### Work item
Please copy each line of the listing below precisely, excluding the images.

### Data below
▬▬▬

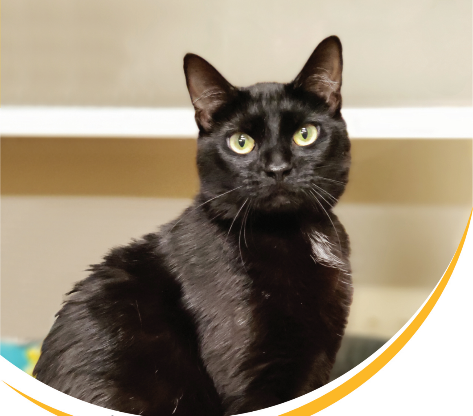
Claudia, adopted in November
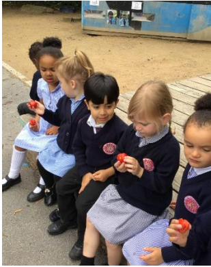
EYFS loved tasting tomatoes.

This week has been another wonderful week of learning at St. Ambrose and we are very proud of the children.
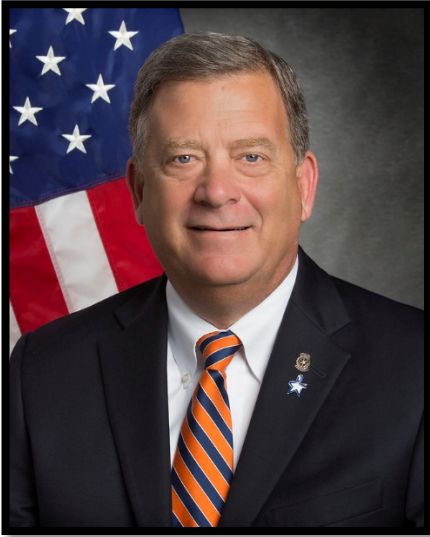
Commissioner US Nuclear Regulatory Commission

▬▬▬

### Reply
Claudia, adopted in November
EYFS loved tasting tomatoes.

This week has been another wonderful week of learning at St. Ambrose and we are very proud of the children.
Commissioner US Nuclear Regulatory Commission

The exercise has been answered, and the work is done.